Prompt
Look below for the line with "Welcome to the" and the line with "The Meadow Wrap"; repeat exactly those two lines and all lines between them, but no pictures.

Source material
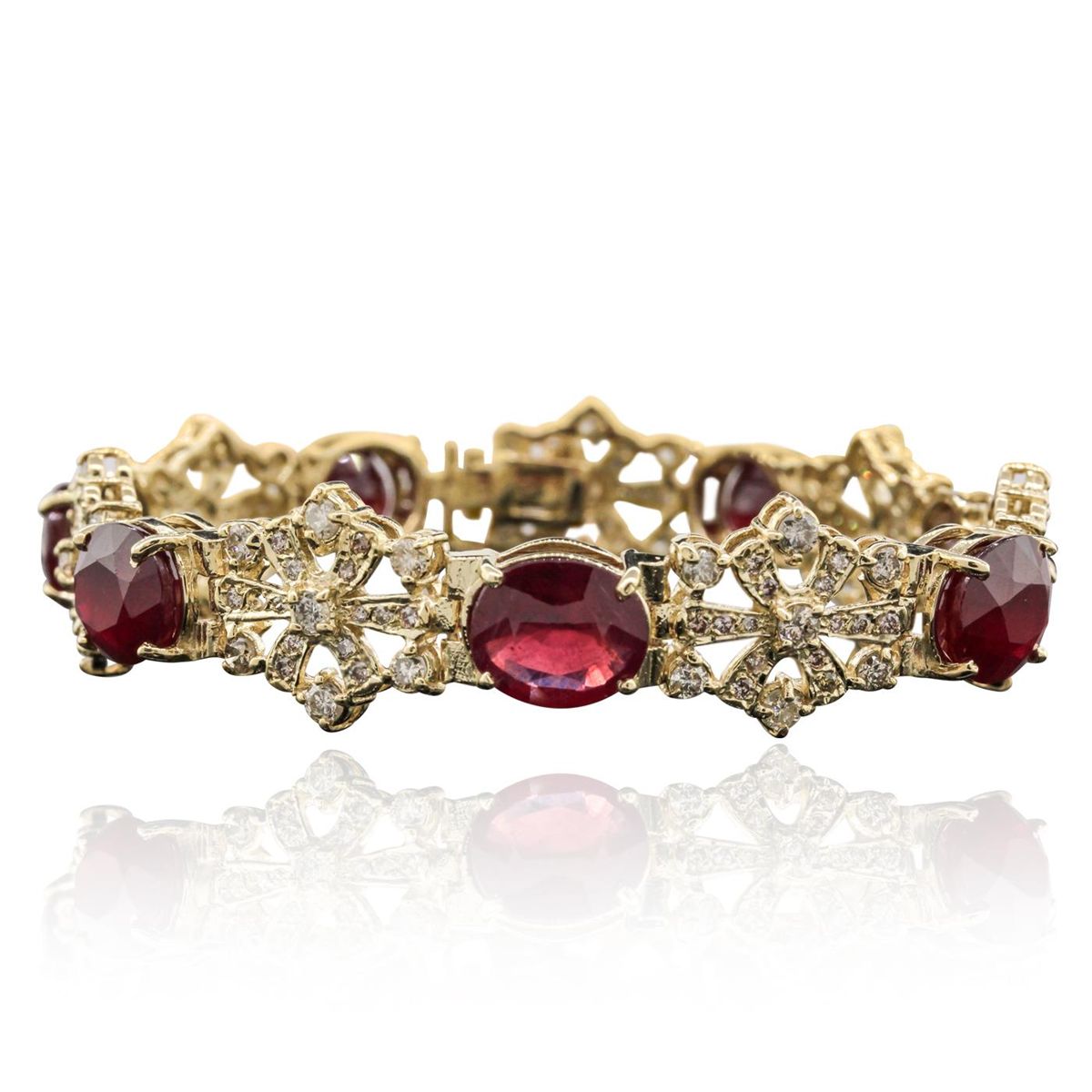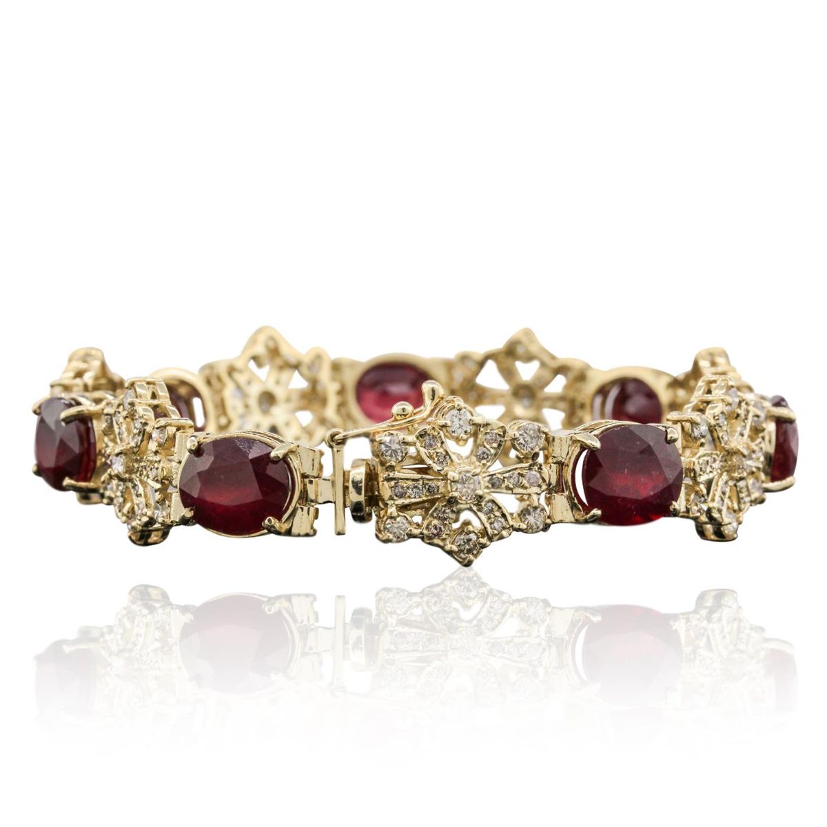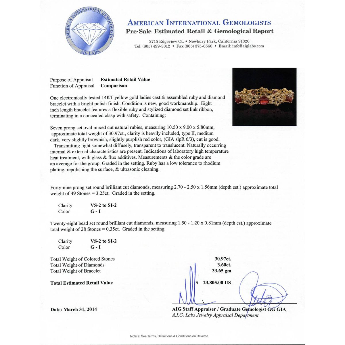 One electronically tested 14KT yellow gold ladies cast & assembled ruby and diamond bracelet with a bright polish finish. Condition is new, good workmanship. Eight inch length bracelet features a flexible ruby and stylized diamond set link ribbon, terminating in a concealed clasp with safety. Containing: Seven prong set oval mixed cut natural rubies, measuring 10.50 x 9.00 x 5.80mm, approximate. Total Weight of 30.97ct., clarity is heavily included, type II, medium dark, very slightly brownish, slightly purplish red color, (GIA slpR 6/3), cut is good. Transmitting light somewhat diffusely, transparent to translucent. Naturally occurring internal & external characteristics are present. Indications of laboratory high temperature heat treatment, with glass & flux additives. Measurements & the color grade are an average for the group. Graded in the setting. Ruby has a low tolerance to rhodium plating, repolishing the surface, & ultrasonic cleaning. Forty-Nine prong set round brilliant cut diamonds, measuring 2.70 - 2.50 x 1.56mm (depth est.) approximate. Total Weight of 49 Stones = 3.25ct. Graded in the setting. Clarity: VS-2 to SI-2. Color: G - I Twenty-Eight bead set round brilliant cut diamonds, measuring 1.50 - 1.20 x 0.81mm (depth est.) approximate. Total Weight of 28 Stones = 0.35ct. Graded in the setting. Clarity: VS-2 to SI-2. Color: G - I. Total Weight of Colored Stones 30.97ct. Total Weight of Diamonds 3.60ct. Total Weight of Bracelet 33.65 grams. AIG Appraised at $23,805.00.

---

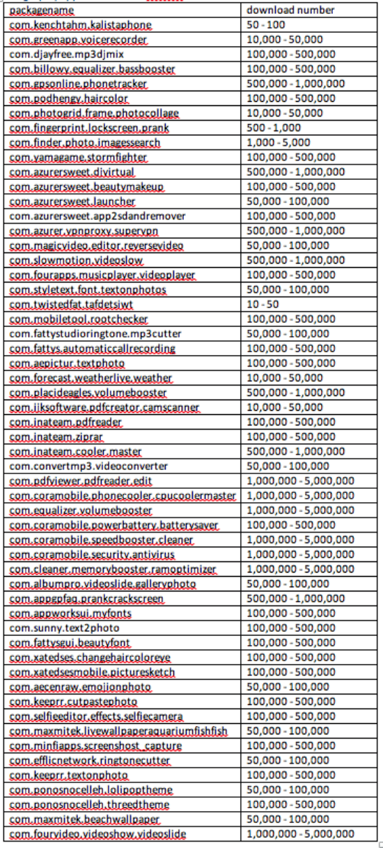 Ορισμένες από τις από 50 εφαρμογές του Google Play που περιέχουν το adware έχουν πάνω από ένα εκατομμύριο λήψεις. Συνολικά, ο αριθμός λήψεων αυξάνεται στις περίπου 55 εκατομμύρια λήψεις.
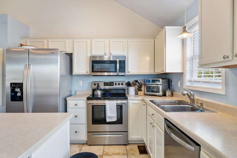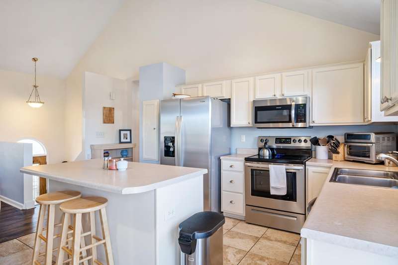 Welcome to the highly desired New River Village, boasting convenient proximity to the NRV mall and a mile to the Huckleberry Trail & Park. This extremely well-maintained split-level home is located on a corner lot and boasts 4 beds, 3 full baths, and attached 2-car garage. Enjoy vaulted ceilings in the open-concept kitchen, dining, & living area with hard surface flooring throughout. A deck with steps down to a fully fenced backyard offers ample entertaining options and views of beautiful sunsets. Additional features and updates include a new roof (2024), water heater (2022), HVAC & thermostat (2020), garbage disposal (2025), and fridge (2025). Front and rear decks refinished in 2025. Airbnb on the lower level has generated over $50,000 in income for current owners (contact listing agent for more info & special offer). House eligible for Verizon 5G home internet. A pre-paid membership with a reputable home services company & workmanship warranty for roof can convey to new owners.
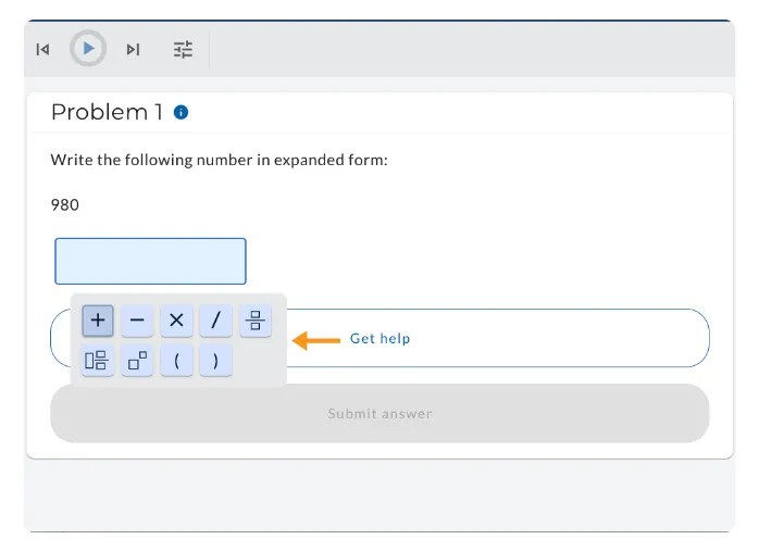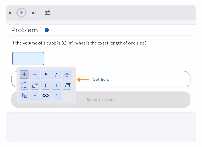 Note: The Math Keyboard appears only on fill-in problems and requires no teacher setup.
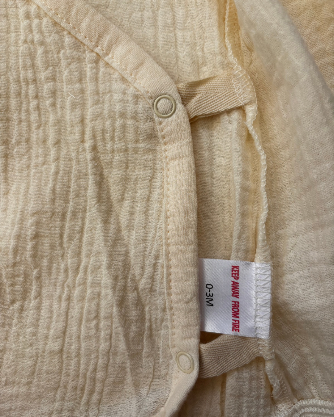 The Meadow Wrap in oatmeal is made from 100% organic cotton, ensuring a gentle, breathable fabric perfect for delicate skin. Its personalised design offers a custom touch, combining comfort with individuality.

Worked solution
 Welcome to the highly desired New River Village, boasting convenient proximity to the NRV mall and a mile to the Huckleberry Trail & Park. This extremely well-maintained split-level home is located on a corner lot and boasts 4 beds, 3 full baths, and attached 2-car garage. Enjoy vaulted ceilings in the open-concept kitchen, dining, & living area with hard surface flooring throughout. A deck with steps down to a fully fenced backyard offers ample entertaining options and views of beautiful sunsets. Additional features and updates include a new roof (2024), water heater (2022), HVAC & thermostat (2020), garbage disposal (2025), and fridge (2025). Front and rear decks refinished in 2025. Airbnb on the lower level has generated over $50,000 in income for current owners (contact listing agent for more info & special offer). House eligible for Verizon 5G home internet. A pre-paid membership with a reputable home services company & workmanship warranty for roof can convey to new owners.
 Note: The Math Keyboard appears only on fill-in problems and requires no teacher setup.
 The Meadow Wrap in oatmeal is made from 100% organic cotton, ensuring a gentle, breathable fabric perfect for delicate skin. Its personalised design offers a custom touch, combining comfort with individuality.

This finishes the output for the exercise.